# Merck Touch Up Paint



## Len J (Jan 28, 2004)

Anybody know where to get Molitani Orange Touch up paint.....dropped a chain (Changing it. D'uh) between the Chainring and the chainstay.

Len


----------



## tarwheel2 (Jul 7, 2005)

*gita*

Check Gita Bikes, the US distributor for Merckx. They carry replacement decals, so they should have touchup paint. www.gitabike.com


----------



## deadlegs (Jan 28, 2004)

*Thumbs down on gita from me*

I tried to get touch up paint for a Merckx from Gita. They told me to use model paint. I found a couple different blues from a hobby store, neither one matched. So I called Gita back, explained I could not find a match and asked if they could get something from Merckx. They told me to use the paint I had found because nobody's going to care or even notice. I was really surprised by how rude they were. I care and I notice it. . . I'll never have anything to do with Gita again, well, not directly.


----------



## jaxxon (Jul 22, 2004)

deadlegs said:


> I tried to get touch up paint for a Merckx from Gita. They told me to use model paint. I found a couple different blues from a hobby store, neither one matched. So I called Gita back, explained I could not find a match and asked if they could get something from Merckx. They told me to use the paint I had found because nobody's going to care or even notice. I was really surprised by how rude they were. I care and I notice it. . . I'll never have anything to do with Gita again, well, not directly.
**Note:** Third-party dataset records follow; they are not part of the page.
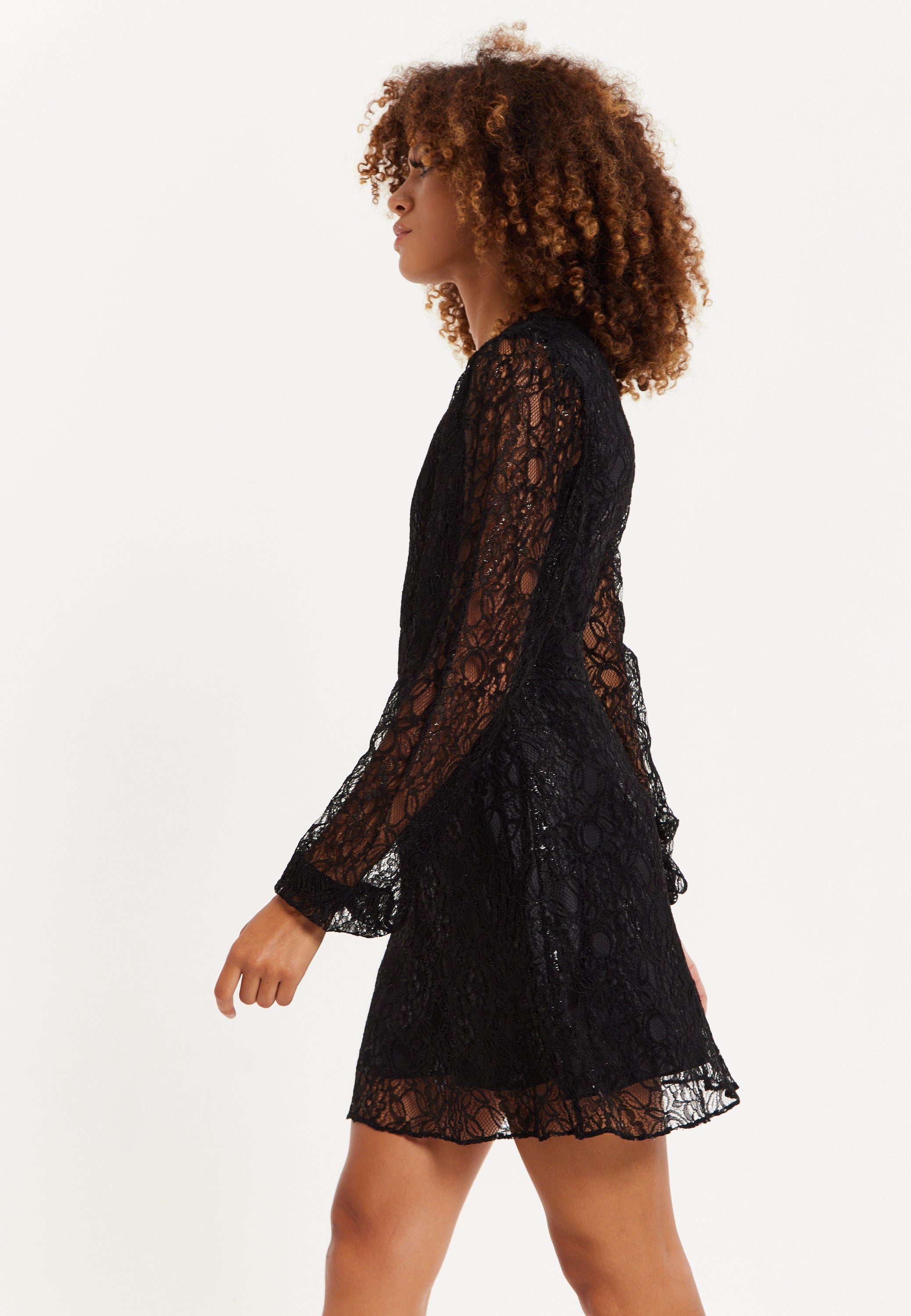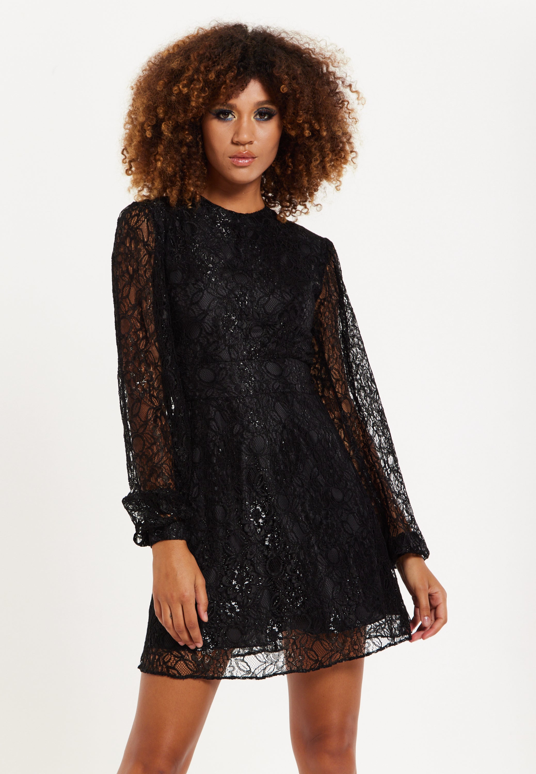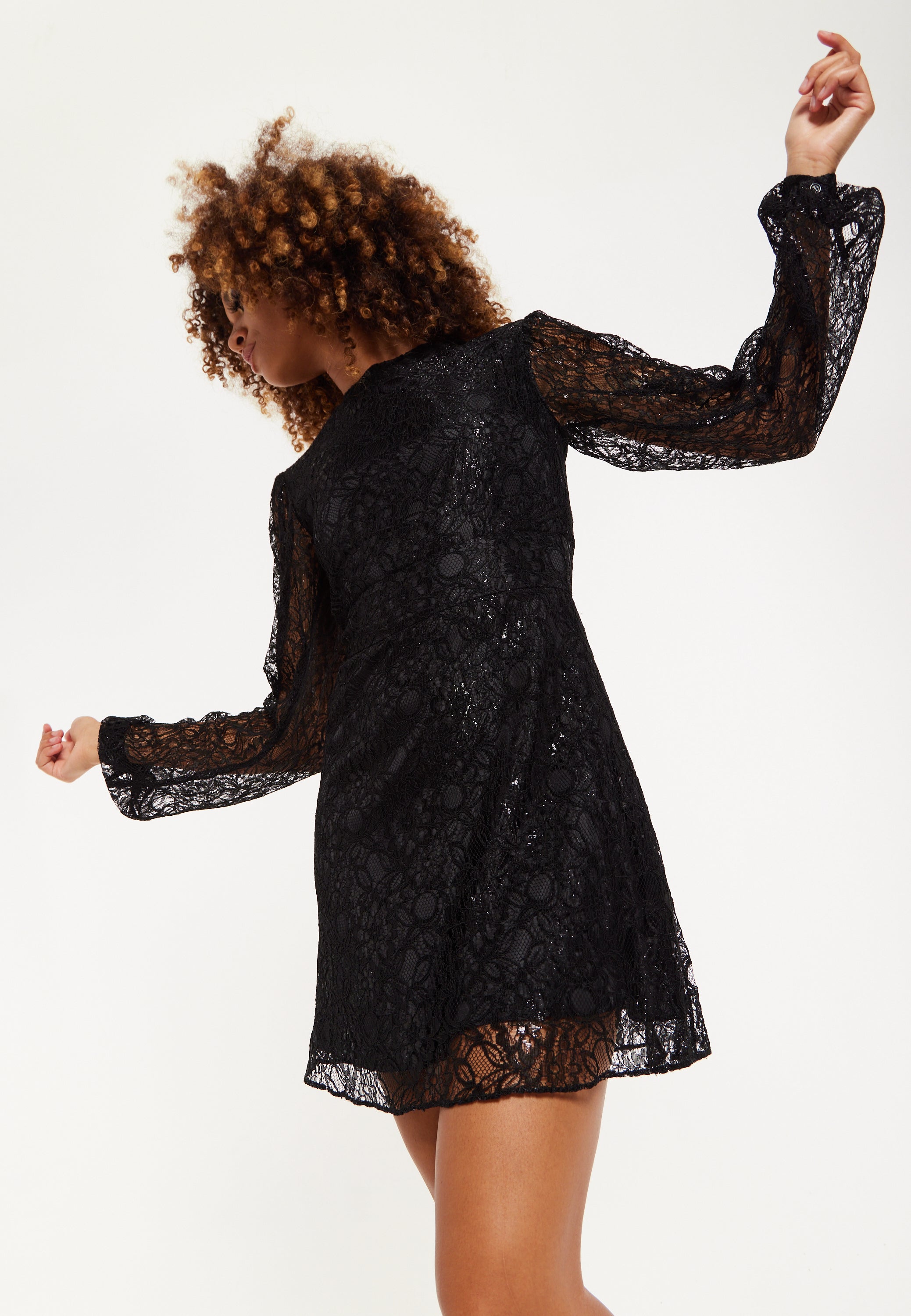 Embrace elegance with a touch of mystery in the Midnight Lace Long-Sleeve Mini Dress. This chic black mini dress features a delicate lace overlay with intricate floral patterns that add dimension and texture. Designed with sheer, long sleeves and a high neckline, it balances sophistication with a hint of allure. The subtle shimmer woven into the lace catches the light beautifully, making it perfect for evening events or cocktail parties. With its relaxed yet flattering A-line silhouette, this dress pairs effortlessly with heels or ankle boots for a look that’s both classic and captivating.
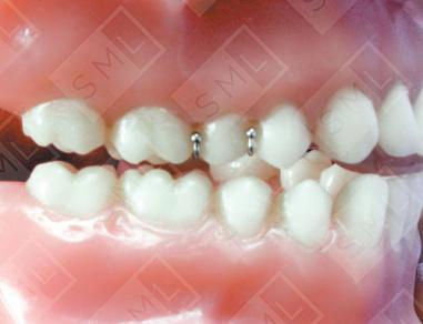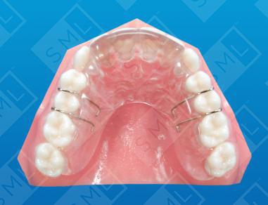 The Oakes Splint is specifically designed to stop a patient’s clenching or grinding habit. It works by using a maxillary lingual anterior bite plane that is built up so that only the lower incisors contact the acrylic. Placing all of the clenching forces on the anteriors initiates the nociceptive trigeminal inhibition response and inhibits the temporalis muscles from making strong contractions. Leaving the posteriors completely out of occlusion not only protects the dentition from damage due to bruxism, but leads to the reduction or total elimination of the clenching and grinding habit. Note - This appliance fits the upper arch like a retainer and is held in place by bilateral ball clasps. The palatal acrylic is finished in a horseshoe shape for patient comfort.
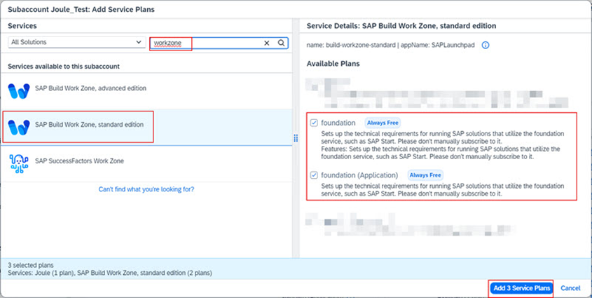b.2.4.Workzone”u aratın. SAP Build Work Zone, standard edition ‘a tıklayın ardından foundation ve foundation (Application) planlarını seçiniz. Add 3 Service Plans butonuna tıklayınız.
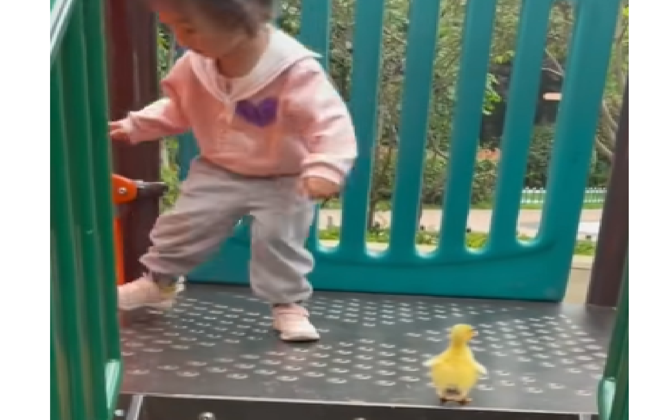 小鸭鸭也爱玩滑滑梯的吗!
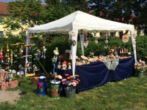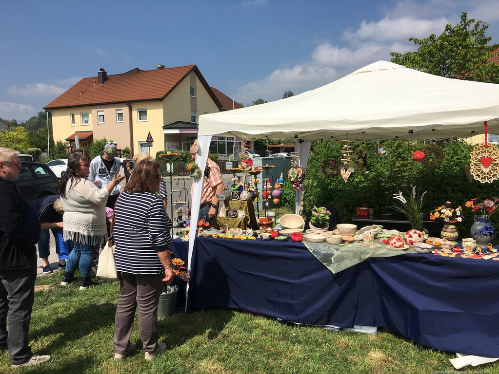 Einmal ganz anders als sonst sah es vor der Siedlungsschule aus: Weiße Zelte, bunter Gartenschmuck, Unikate aus Holz und vieles mehr präsentierte sich bei strahlendem Sonnenschein: Das Quartiersmanagement Bobingen und der Siedlerverein hatten einen Kunstmarkt organisiert, und viele aus der Siedlung (und wohl auch von etwas weiter her) ließen sich ein solches Novum nicht entgehen.
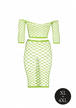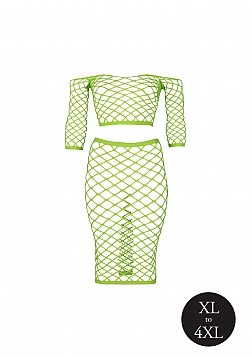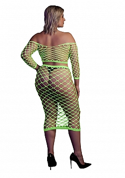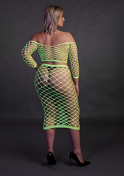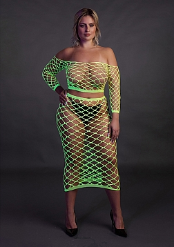 Unleash your inner goddess with this stunning UV activated lingerie. This piece consist of an off shoulder long sleeve crop top and long skirt. An amazing party-wear that gives you that wow-factor and makes you stand out. The UV activated materials adds a touch of mystery and allure. Easy to fit because of the stretchy materials will make you light up the night. Available in neon pink and neon green. Sizes run from XS/ XL to XL/XXXXL
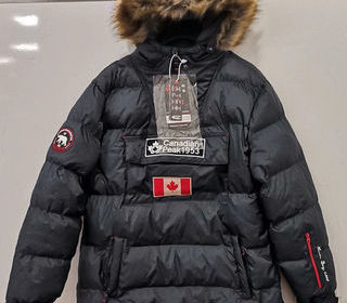 Neuve avec étiquette. Taille grand. Composition extérieure : 100% polyamide. Composition intérieure : 100% polyester. Capuche avec fausse fourrure amovible. Longueur : 75 cm L
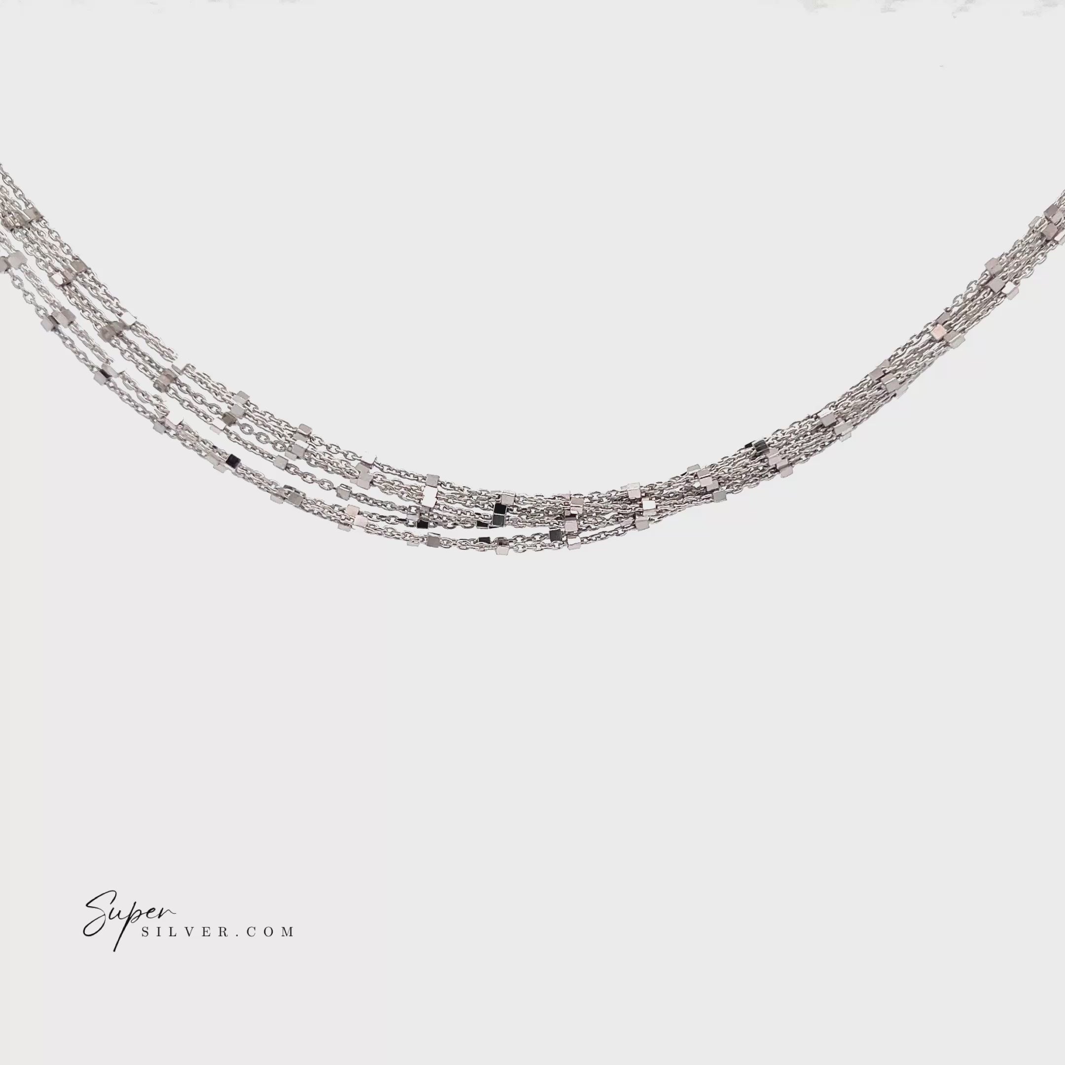 Turn heads and own the moment with this dazzling Italian silver choker. Featuring eight glimmering strands of shimmering chain woven with tiny reflective squares that catch the light like shattered glass, this statement piece wraps your neck in pure attitude. Finished in high-shine rhodium, it is your ticket to instant glamour and unforgettable style—bold, radiant, and unapologetically unique.
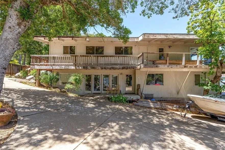 Motivated seller! Value on the Lakefront! This property offers two homes on a private 6 ACRE lot. The main home has a Mid Century style, with Spanish Style Terracotta tile floors, exposed beamed ceilings. The bright and open floor plan combines the kitchen and great-room with carpet, and wood style stove. This room is the perfect place for relaxing and gathering as you soak in the lake view. Original wood walls flow through to the Bedrooms with carpet. The Main home has 6 bedrooms and 2 full bathrooms plus an additional lower family room. The Separate 2 bedroom and 2 bath guest house was designed with a living room with kitchen combo and a lower hall bath with shower. A Spiral staircase leads to upper 2 bedrooms with lake-views and 2nd upper Hall bath. Additional amenities include a private concrete boat launch, a private dock, an aluminum stainless floating dock, and private beachfront. Pull through driveway allows extra space for RV or Boat parking. The 1.99 acre lot offers serenity and peace from the numerous patio areas, large oak trees and native plants adds to the beauty and natural shade of the outdoor spaces. The addition 4 acres offers a lakeview building pad and some utility s . Enjoy year-round water sports, fishing and birdwatching from your own piece of heaven. Located on Clearlake California's largest natural lake for outdoor adventure, clean air and great wines. There are NO short term rental restrictions in this area. Live in one, rent the other or purchase a large compound for all to enjoy!

I had the exact same experience with GITA. Looking for some blue for my Team SC, they were quite rude about it too! I can't believe they don't sell touch up paint ...


----------



## jroden (Jun 15, 2004)

I had mine repained at Hot Tubes in MA, they sent me a bottle of the Molteni orange--maybe they can set you up also, I tossed mine, no time for worrying about a few nicks!


----------



## Roger H (Feb 8, 2002)

*I mixed my own..*

to touch up the lettering on my Team SC. Just basic enamel, model paint will work fine. I have a little experience with finishing, but basically mixed a little of "this" and a touch of "that" and got pretty close. Just keep a rag with some paint thinner handy and you can wipe it off if it doesn't look right.


----------



## tarwheel2 (Jul 7, 2005)

*gita*

I'm surprised at the response you got from Gita. They were very helpful when I was looking for decals.

Here's another plan. Go to a good hobby shop with a wide variety of model paints, such as Testors. You should be able to find a color that matches your Molteni fairly closely.


----------



## kjmunc (Sep 19, 2005)

I know this post is long dormant, but I figured someone might still be searching for a Molteni Orange touch-up solution. My De Rosa had a few dings and while the paint mix might not be the exact shade of orange as what Merckx uses I have to believe it's darn close. I had good results using Testor's Orange enamel (basic model paint sold at any craft store). It's not a 100% match, but beyond 12" it does the trick and at $3 it beats waiting around for something shipped from Belgium.


----------



## atpjunkie (Mar 23, 2002)

*contact*

the folks at CyclArt

they have it


----------